*EXERCISE DESCRIPTION*
Set down, exactly and only, everything from the line containing "5) Scatter the" down to the line containing "La commission Vie" in the data below; the pictures are not part of the copy.

*RECORDS FOR THE TASK*
*** Block opens ***

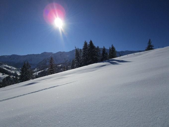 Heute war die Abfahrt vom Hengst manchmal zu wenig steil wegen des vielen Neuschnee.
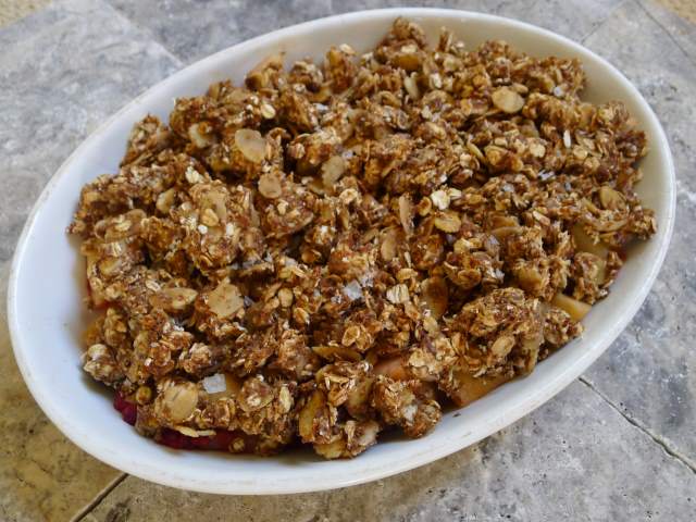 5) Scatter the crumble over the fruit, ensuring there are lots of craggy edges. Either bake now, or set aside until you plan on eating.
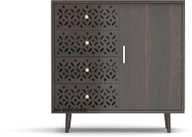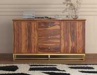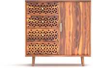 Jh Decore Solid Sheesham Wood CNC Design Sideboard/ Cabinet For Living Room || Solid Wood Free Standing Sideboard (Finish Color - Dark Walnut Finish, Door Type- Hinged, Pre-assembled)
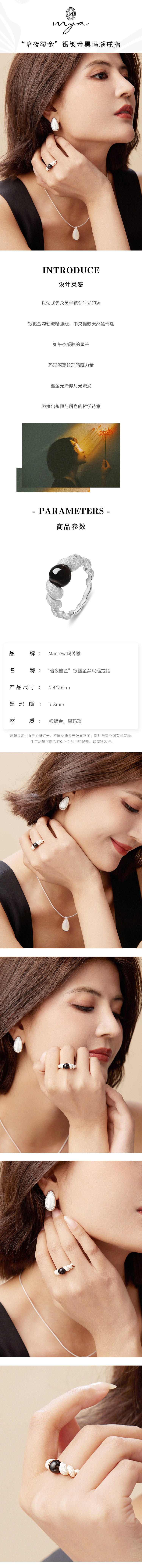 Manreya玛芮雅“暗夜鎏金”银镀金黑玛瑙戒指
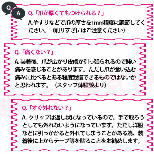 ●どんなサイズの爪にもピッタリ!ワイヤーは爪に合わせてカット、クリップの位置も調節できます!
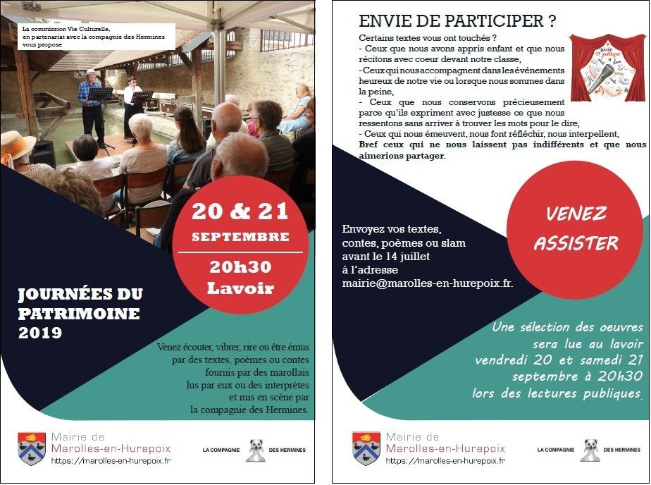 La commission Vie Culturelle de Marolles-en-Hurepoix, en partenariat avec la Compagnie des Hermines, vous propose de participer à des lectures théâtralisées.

*** Block closes ***
*** Block opens ***

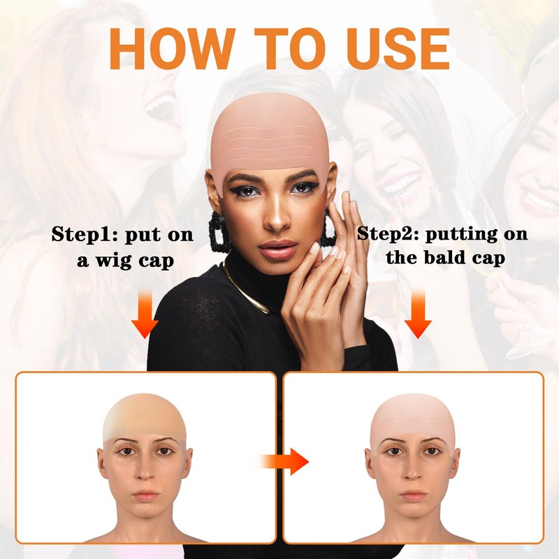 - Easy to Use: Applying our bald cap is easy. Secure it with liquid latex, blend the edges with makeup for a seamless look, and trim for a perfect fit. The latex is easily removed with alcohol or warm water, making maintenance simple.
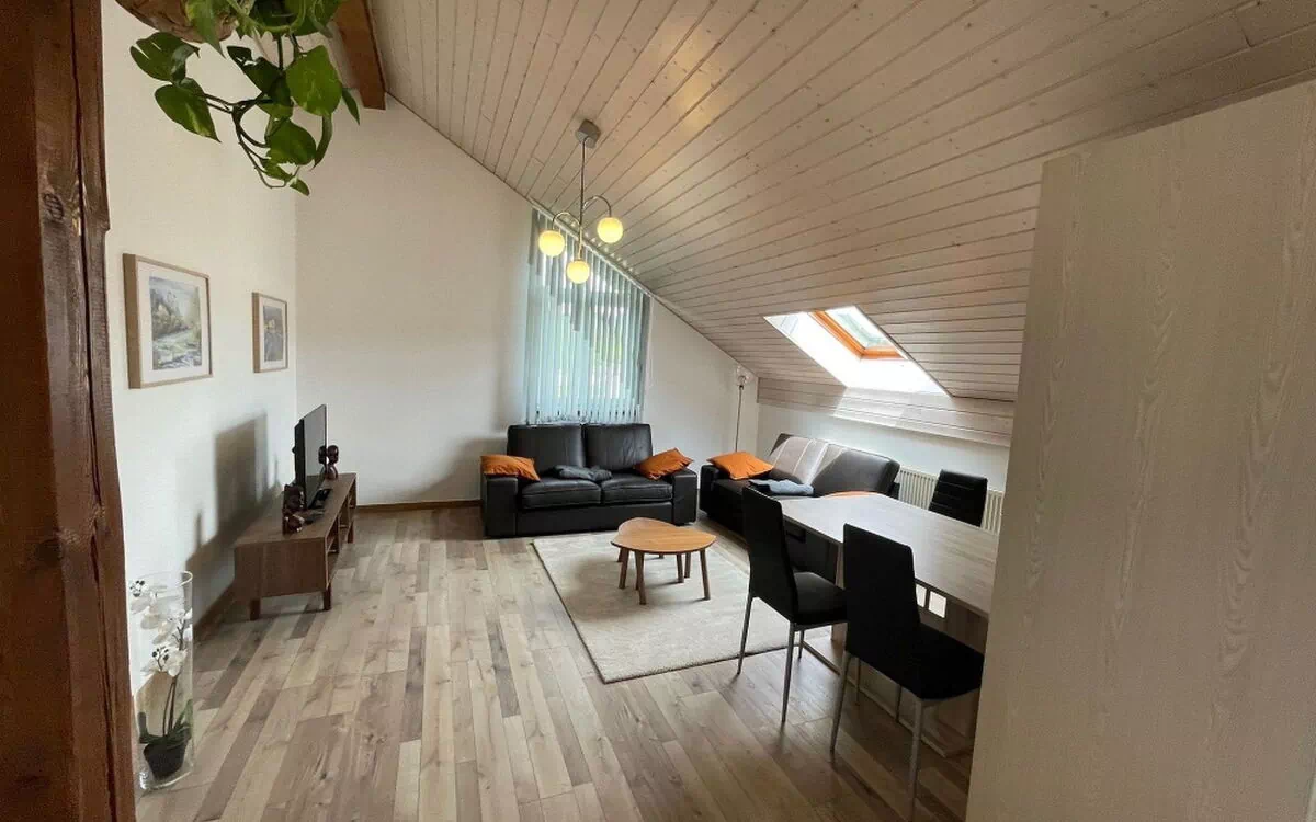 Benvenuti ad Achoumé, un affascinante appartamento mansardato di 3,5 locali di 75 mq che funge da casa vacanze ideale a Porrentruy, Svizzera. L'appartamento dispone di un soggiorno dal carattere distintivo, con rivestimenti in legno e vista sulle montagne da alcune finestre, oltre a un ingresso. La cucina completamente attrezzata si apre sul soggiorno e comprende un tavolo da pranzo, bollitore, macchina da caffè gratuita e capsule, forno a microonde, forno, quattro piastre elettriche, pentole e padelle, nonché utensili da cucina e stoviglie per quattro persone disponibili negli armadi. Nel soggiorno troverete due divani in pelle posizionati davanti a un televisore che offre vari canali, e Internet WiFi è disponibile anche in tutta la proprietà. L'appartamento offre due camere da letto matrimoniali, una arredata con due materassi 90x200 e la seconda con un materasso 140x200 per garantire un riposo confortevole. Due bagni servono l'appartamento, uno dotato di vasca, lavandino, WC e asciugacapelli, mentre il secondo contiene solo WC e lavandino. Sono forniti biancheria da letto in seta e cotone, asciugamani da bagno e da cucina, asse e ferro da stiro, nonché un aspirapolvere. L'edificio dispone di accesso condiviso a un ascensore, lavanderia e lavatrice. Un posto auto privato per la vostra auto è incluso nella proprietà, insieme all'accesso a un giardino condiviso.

*** Block closes ***

*RESPONSE BOX*
 5) Scatter the crumble over the fruit, ensuring there are lots of craggy edges. Either bake now, or set aside until you plan on eating.
 Jh Decore Solid Sheesham Wood CNC Design Sideboard/ Cabinet For Living Room || Solid Wood Free Standing Sideboard (Finish Color - Dark Walnut Finish, Door Type- Hinged, Pre-assembled)
 Manreya玛芮雅“暗夜鎏金”银镀金黑玛瑙戒指
 ●どんなサイズの爪にもピッタリ!ワイヤーは爪に合わせてカット、クリップの位置も調節できます!
 La commission Vie Culturelle de Marolles-en-Hurepoix, en partenariat avec la Compagnie des Hermines, vous propose de participer à des lectures théâtralisées.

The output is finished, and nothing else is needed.